Basically, CPP/QPP covers average annual salary, which for the year 2000 is $37,600. In 2000, therefore, you contribute to the public service pension plan at rates of 4 per cent of your salary below, and 7.5 per cent of your salary above, $37,600. Your public service contribution rate covers both basic pension and pension indexing.

Sometimes public service employees receive other payments, such as allowances, in addition to their basic salary. Some of these payments constitute salary for pension purposes and some do not. Your compensation office can tell you whether you must contribute on any such allowance.

Payments under the PSSA for current service and, in some cases, for prior elective service are deductible for income tax purposes. To determine the extent of deductibility, consult your Canada Customs and Revenue Agency office.
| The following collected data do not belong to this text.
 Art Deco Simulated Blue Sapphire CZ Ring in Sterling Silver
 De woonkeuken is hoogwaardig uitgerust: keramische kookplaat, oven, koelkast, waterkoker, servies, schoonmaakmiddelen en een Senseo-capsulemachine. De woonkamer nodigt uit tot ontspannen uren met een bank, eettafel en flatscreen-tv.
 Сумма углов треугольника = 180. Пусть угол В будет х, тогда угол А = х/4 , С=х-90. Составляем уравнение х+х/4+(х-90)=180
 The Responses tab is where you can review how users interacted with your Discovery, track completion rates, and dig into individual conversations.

How have the latest PSSA amendments affected contribution rates?

The 1999 amendments to the PSSA have affected contribution rates as follows:

  • Employee contributions to the public service pension plan will be frozen at the above-noted 1999 rates for at least four years, from 2000 through 2003.
  • In 2004, the Treasury Board will review PSSA contribution rates and adjust them as necessary.
  • If increases to PSSA employee contribution rates are deemed necessary after 2003, no increase will exceed 0.4 per cent (i.e., four tenths of one per cent) of salary in any single year.
  • In any event, employee contribution rates will not increase past the point where employees are paying 40 per cent of current service costs for the public service pension plan. (A 40 per-cent share of costs is the historical average for plan members.)
  • From 2000 on, contribution rates for the CPP/QPP will be set independently from the employee contribution rates for the public service pension plan. This change in effect removes the former cap of 7.5 per cent on your total pension contributions. In future, the further scheduled increases in CPP/QPP contribution rates will affect you and other public service pension plan members in the same way as they affect all other Canadians. CPP/QPP contribution rates are expected to stabilize after 2003.

For a comparative view of your pension contribution rates from 2000 through 2003, see Table III below.
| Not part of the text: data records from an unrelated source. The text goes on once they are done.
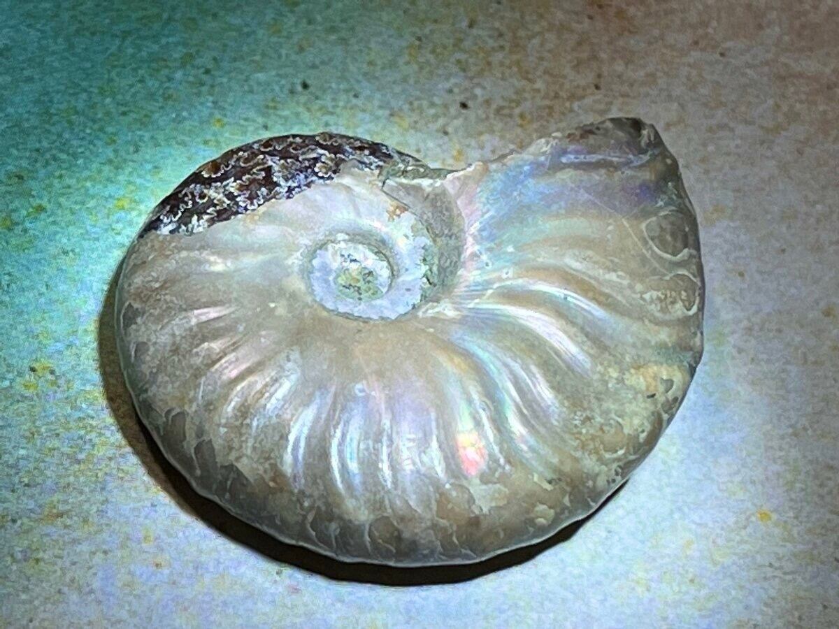 光を当てる角度によって美しい七色の虹が輝きを放つアンモナイトの化石です˚✧₊⁎
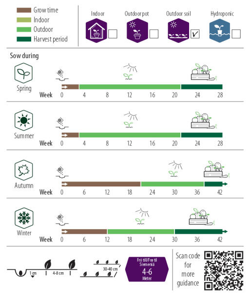 Tarkempaa tietoa kylvämisestä löytyy täältä tuotesivuilta, joille pääsee helposti pussiin merkityn QR-koodin avulla.
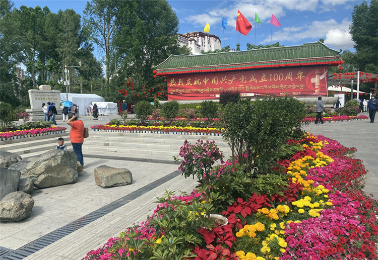 七一”前夕,走在拉薩街頭,慶祝建黨100周年的主題標(biāo)識(shí)隨處可見(jiàn),布達(dá)拉宮廣場(chǎng)裝點(diǎn)一新,宗角祿康公園花團(tuán)錦簇,處處洋溢著喜迎建黨百年的濃烈氛圍。為熱烈慶祝中國(guó)共產(chǎn)黨成立100周年,全市主次干道、門(mén)戶立交、公園、廣場(chǎng)等地大型主題雕塑、立體花雕、地面擺花為主要表現(xiàn)形式,營(yíng)造建黨百年的濃烈氛圍,美麗拉薩煥然一新,慶祝百年華誕。
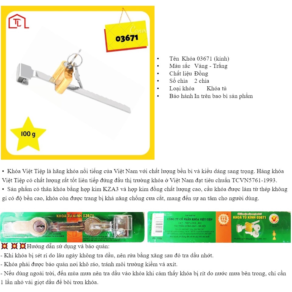 Khóa tủ kính Việt Tiệp 03671Khóa Việt Tiệp là nhãn hiệu khóa nổi tiếng của Việt Nam, hàng Việt Nam chất lượng cao nhiều năm liền. Hàng Việt Tiệp thì quá nổi tiếng rồi, không cần giới thiệu nhiều nữa ạ.
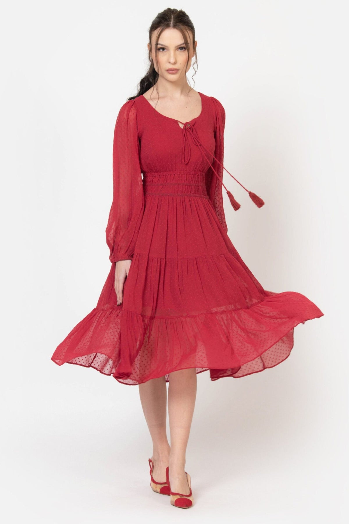 Step into effortless elegance with our Dobby Weave Midi Dress, designed to flatter your figure while keeping you comfortable. This dress cinches at the waist, accentuating your curves before flowing gracefully like a summer breeze. Crafted from soft, breathable fabric, this dress feels luxurious against your skin, making it perfect for all-day wear. The midi dress length strikes the ideal balance between flirty and functional, ensuring versatility for any occasion. Featuring a textured Dobby weave, this dress adds a captivating visual appeal to your wardrobe. Style it with a denim jacket for a cool-girl vibe or let this dress shine on its own—either way, it’s a must-have fashion staple! Flowy and graceful, bishop sleeves add a touch of timeless elegance to any dress.
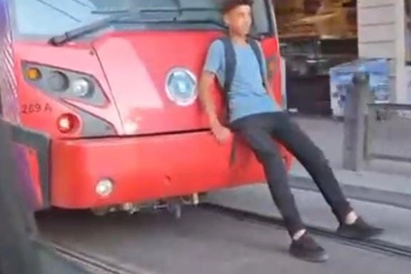 Yoğun trafikte, tramvayın arka kısmına oturup ayaklarını yere sürterek tehlikeli bir şekilde seyahat eden çocuk, görenleri hayrete düşürdü. Çocuğun bu tehlikeli yolculuğu, trafikteki bir vatandaş tarafından cep telefonu kamerasıyla kaydedildi.
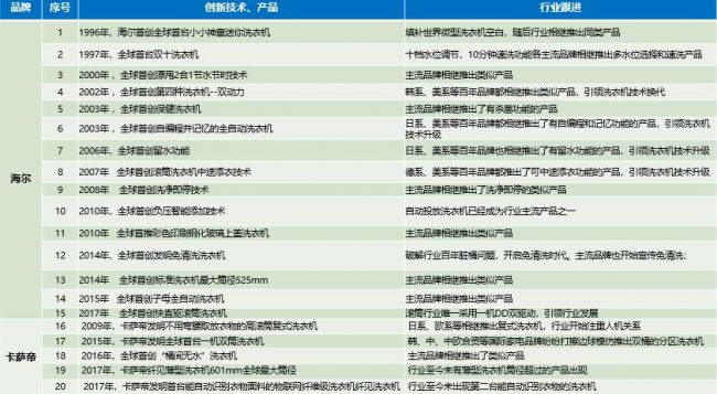 从洗鞋到洗衣,海尔洗衣机凭借多项原创科技成为行业竞相模仿的对象。1996年,海尔首创全球首台小小神童迷你洗衣机,填补世界微型洗衣机空白,随后行业相继推出同类产品;2002年,全球首创第四种洗衣机--双动力洗衣机,韩系、美系等百年品牌都相继推出类似产品,引领洗衣机技术换代;2014年,全球首创发明免清洗洗衣机,破解行业百年脏桶问题,主流品牌也开始模仿免清洗功能。

Table III - Contribution Rates for PSSA and CPP/QPP, 2000-2003

Contribution Rates
Year Employee PSSA contribution on earnings above CPP/QPP maximum Employee PSSA contribution on earnings below CPP/QPP maximum Employee CPP/QPP contribution on earnings up to CPP/QPP maximum
2000

7.5%

4%

3.9%

2001

7.5%

4%

4.3%

2002

7.5%

4%

4.7%

2003

7.5%

4%

4.95%

Notes: 1. In 2000, the maximum salary covered by CPP/QPP is $37,600. The maximum may vary from year to year.

2. In 2003, as a result of CPP/QPP rate increases, a public service employee earning $30,000 a year will be paying about $265 a year more than his or her total pension contributions in 1999. For an employee earning about $40,000 or more, the increase in total contributions will amount to about $425 a year in 2003.


Is there a maximum period of contribution?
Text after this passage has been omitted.